From the data that follows, copy every line holding the string "Figure".
The data Start Marker
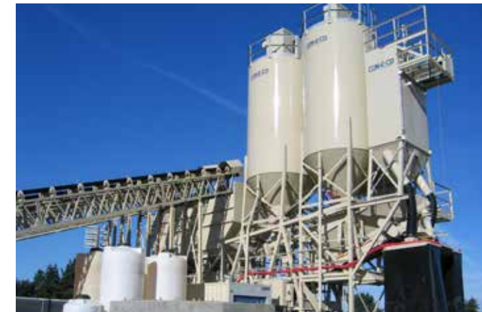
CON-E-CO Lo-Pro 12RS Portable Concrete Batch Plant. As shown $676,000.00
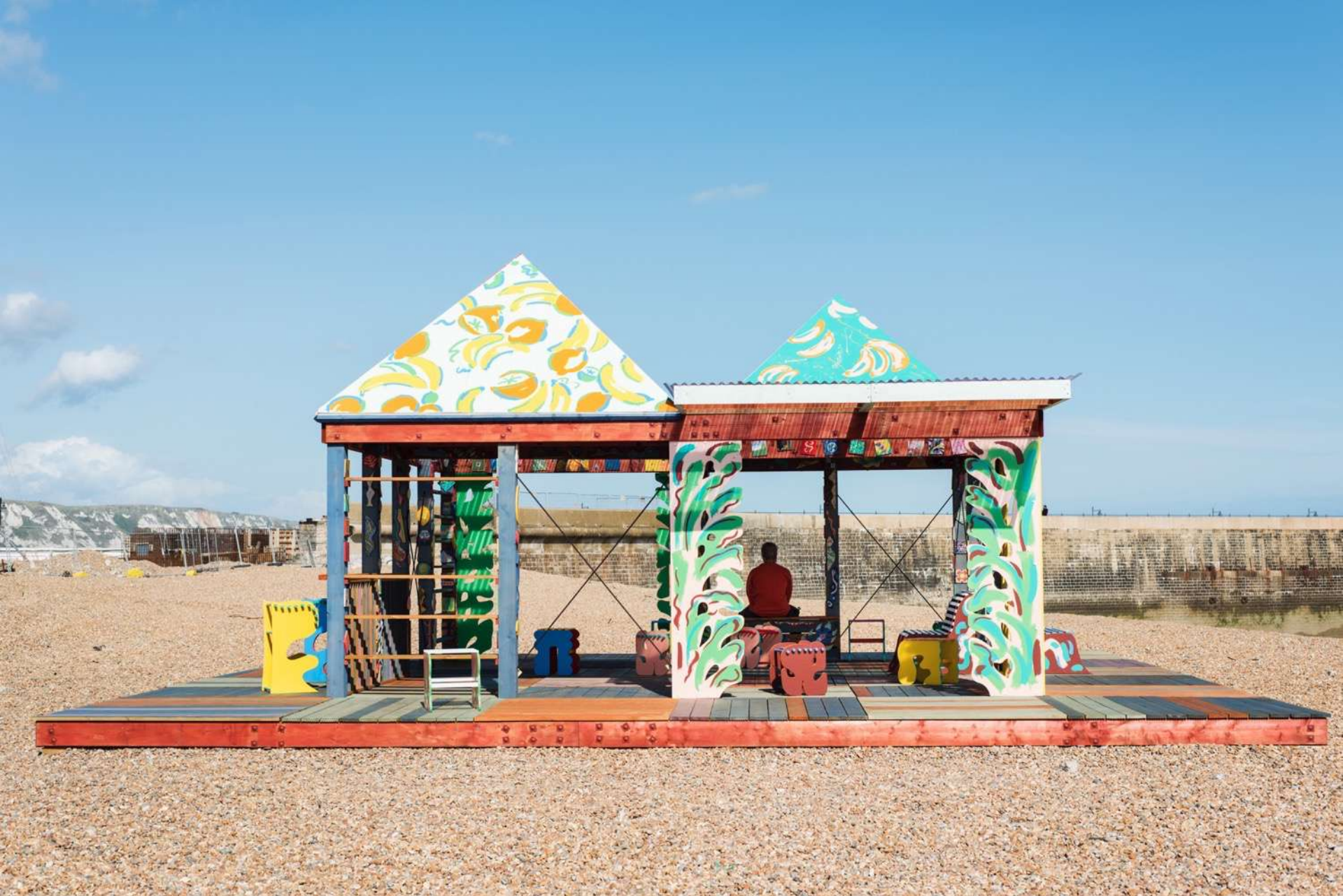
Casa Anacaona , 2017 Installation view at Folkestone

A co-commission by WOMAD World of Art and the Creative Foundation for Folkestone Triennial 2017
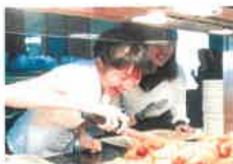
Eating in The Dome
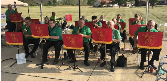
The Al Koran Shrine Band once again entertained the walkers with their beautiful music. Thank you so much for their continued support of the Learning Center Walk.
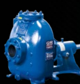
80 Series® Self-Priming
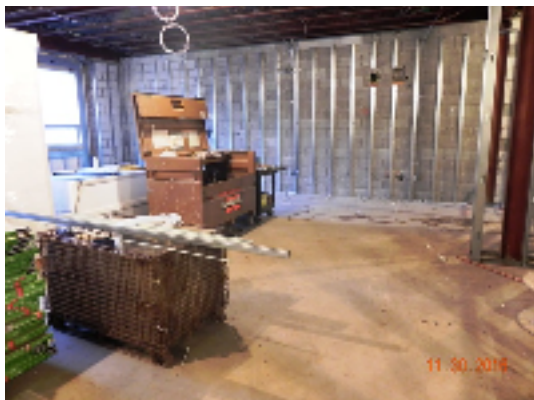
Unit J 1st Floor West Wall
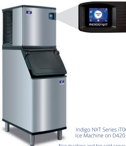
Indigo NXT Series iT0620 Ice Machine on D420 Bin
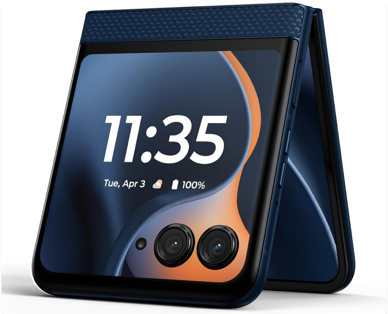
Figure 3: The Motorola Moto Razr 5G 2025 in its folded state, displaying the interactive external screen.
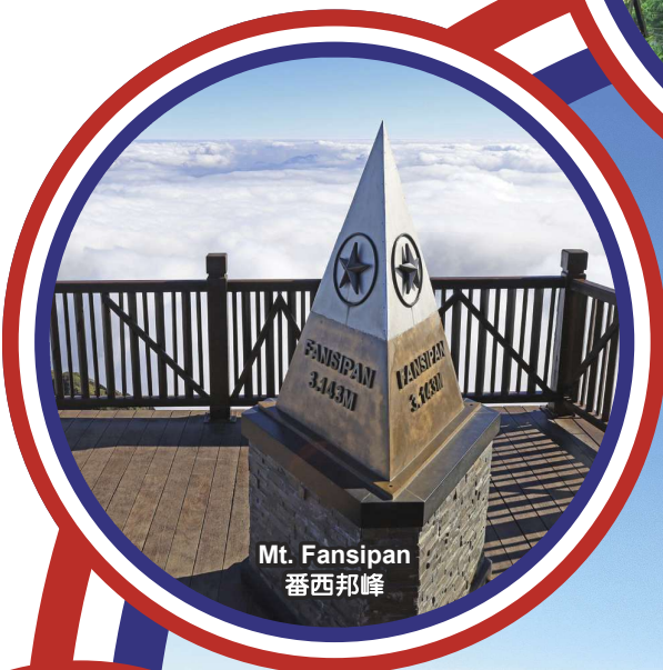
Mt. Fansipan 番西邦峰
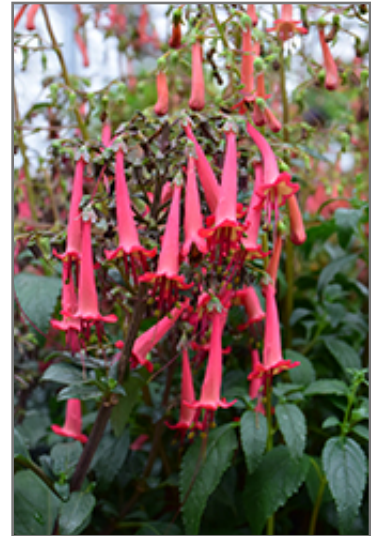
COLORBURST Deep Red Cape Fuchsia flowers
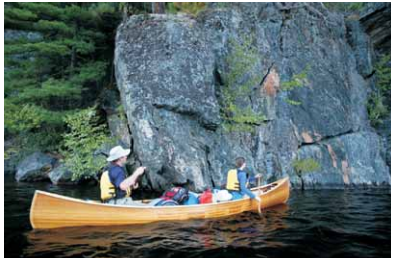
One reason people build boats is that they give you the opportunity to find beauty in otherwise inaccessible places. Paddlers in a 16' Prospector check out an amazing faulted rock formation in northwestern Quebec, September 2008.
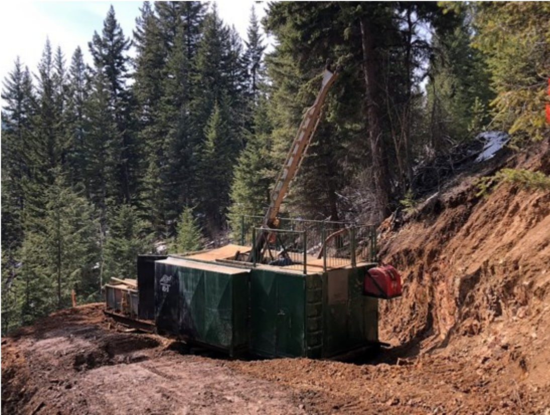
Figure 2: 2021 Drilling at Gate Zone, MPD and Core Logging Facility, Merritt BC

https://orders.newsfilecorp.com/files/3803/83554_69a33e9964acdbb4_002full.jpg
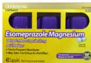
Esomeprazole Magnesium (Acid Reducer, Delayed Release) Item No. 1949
The data End Marker
● **Written reply**:
Figure 3: The Motorola Moto Razr 5G 2025 in its folded state, displaying the interactive external screen.
Figure 2: 2021 Drilling at Gate Zone, MPD and Core Logging Facility, Merritt BC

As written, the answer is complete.